# GM AF40 Gearbox



## CoOkIeMoNsTeR (Mar 6, 2011)

Hi guys :wave:

Soooo, I've bought a Vectra. I know, I know, I was drunk at the time and todays hangover was sponsored by 'old speckled hen' but even at around 00:40 hours this morning it sounded like a good buy just because of the money, £1500 for a 58 plate black SRi estate with the 150 1.9 CDTi engine and the AF40-6 tiptronic auto box and 148k otc.

Here is the fault, the car drives fantastic, and goes like the clappers, but when stationary in drive or reverse (worse in reverse) the revs drop and the car shudders and sometimes stalls. Put it in neutral and it stops, back into gear and it pulls away fine, you just can't hold it stationary in gear if that makes sense, but say if you pull up to a junction in drive or in manual mode and select a gear, say 1st, it'll shake and stall, but if you pull up and slot it into neutral it'll idle ok. Put it back into drive when you are ready to go and it pulls away spot on.

It's had a brand new gearbox fitted 13 months ago and is just out of warranty, the oil is new, and otherwise the box is great and it changes smooth and the manual mode is perfect, responded to my commands and was very smooth.

Someone suggested it could be a canbus fault in the instrument clocks which confuses the box (It tells you what gear its in) so that is one possible, the other in my mind could be the selector and the other is the ecu. There are no fault lights on the display.

Firstly, does anyone know which ecu it is? What's the part number etc? and am I on the right lines here or is there something I haven't considered? Surely it can't need another gearbox, it's only done 12k miles, it's not recon, it's brand new, I've got the bill for £3k here.

Anyone with experience of this box or Vx part numbers, your input would be greatly appreciated :thumb:

TIA :car:


----------



## bidderman1969 (Oct 20, 2006)

Bad earth for the gearbox ECU?

Has it always done since the new box? Did it do it before? How longs it been doing it this time? Just started? (If you know the history that is, or ask the garage that replaced the box, why it was replaced?)


----------



## CoOkIeMoNsTeR (Mar 6, 2011)

Thanks for that, according to the job sheet the box was fitted because the car would not engage drive and was deemed to have a faulty power control valve which is terminal on these things apparently. Box was fitted 10/5/12 @ 135,784 miles.

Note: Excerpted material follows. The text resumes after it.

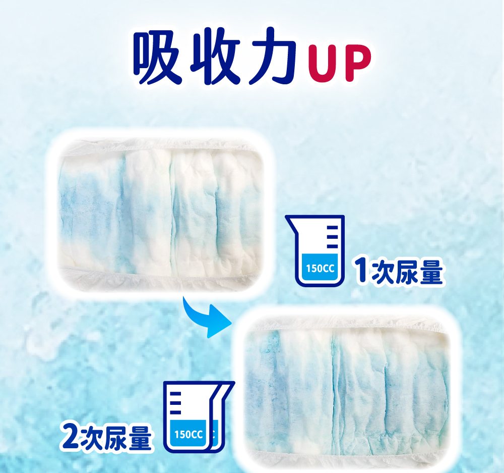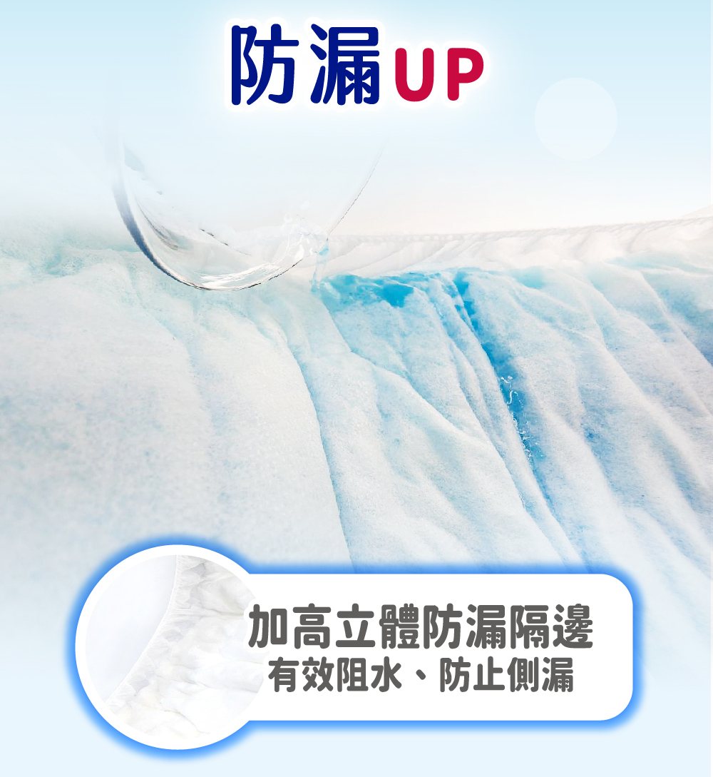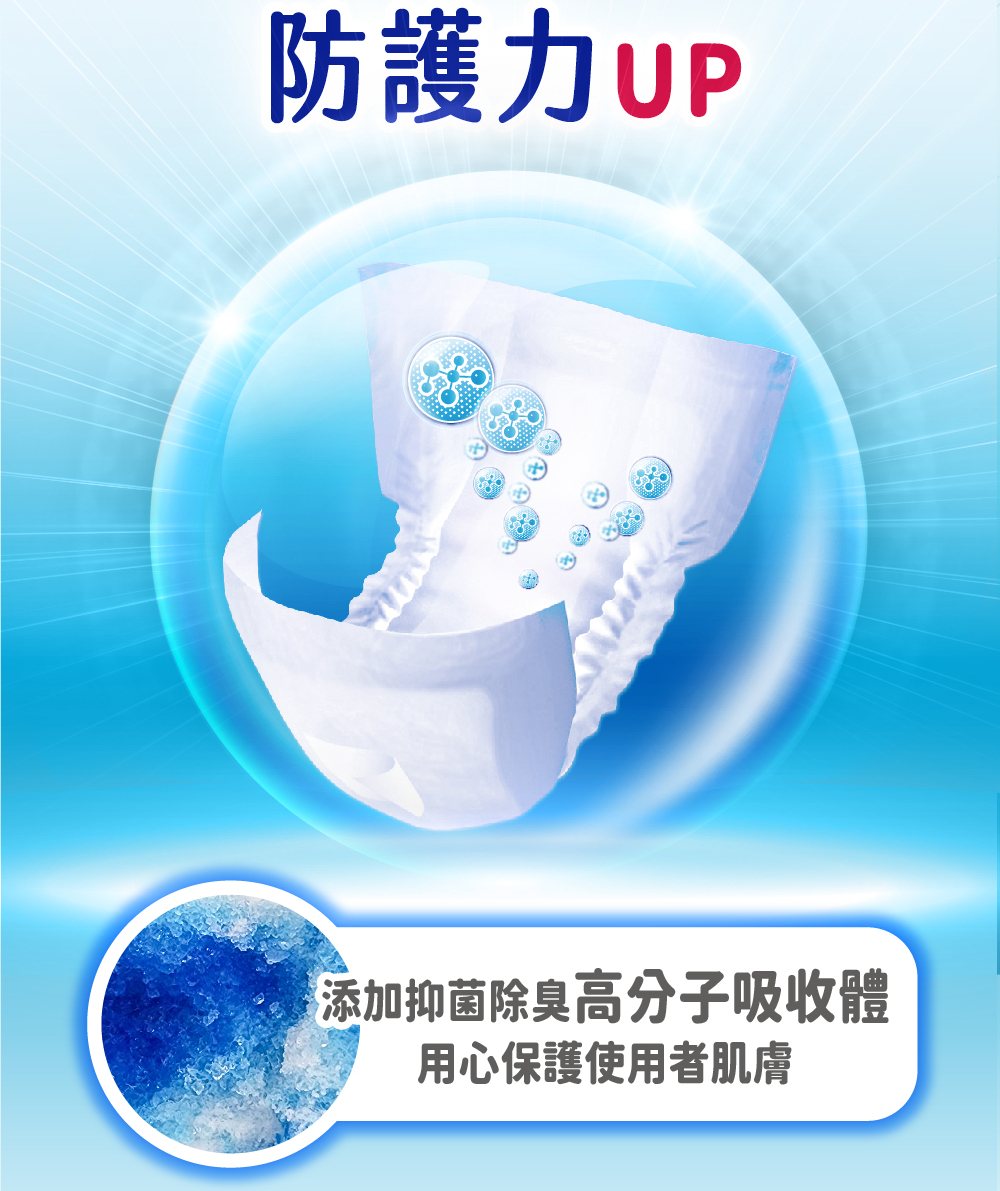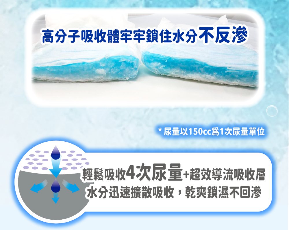 •水份迅速向下擴散吸收,有效鎖水不回滲。•超效導流吸收層,快速導出尿液,乾爽不回滲•強化背膠固定設計,防止滑動

This fault has been present for the last 2k miles and 8 of the 13 months since changing it. That timescale is due to the car being auctioned off by the company who owned it and its sat around my friends yard ever since.

He changed the oil last week and took it for mot and the fault hasn't worsened but the oil change didn't improve things.

Despite the sit around, the egr is clean and the car goes very well indeed


----------



## CoOkIeMoNsTeR (Mar 6, 2011)

OK, it appears I've missed something.

I spoke to an auto transmission bloke today and he told me that the car should engage neutral when stationary, even in drive or reverse to reduce temps and improve economy or some such... until the driver gives a throttle input.

He thinks the car might be stuck in gear and won't engage neutral when the lever is put in drive or reverse, adding some weight to the theory of it being a computer problem, not a mechanical one and that the clocks or selector could cause it, and would be worth changing those before changing the ecu.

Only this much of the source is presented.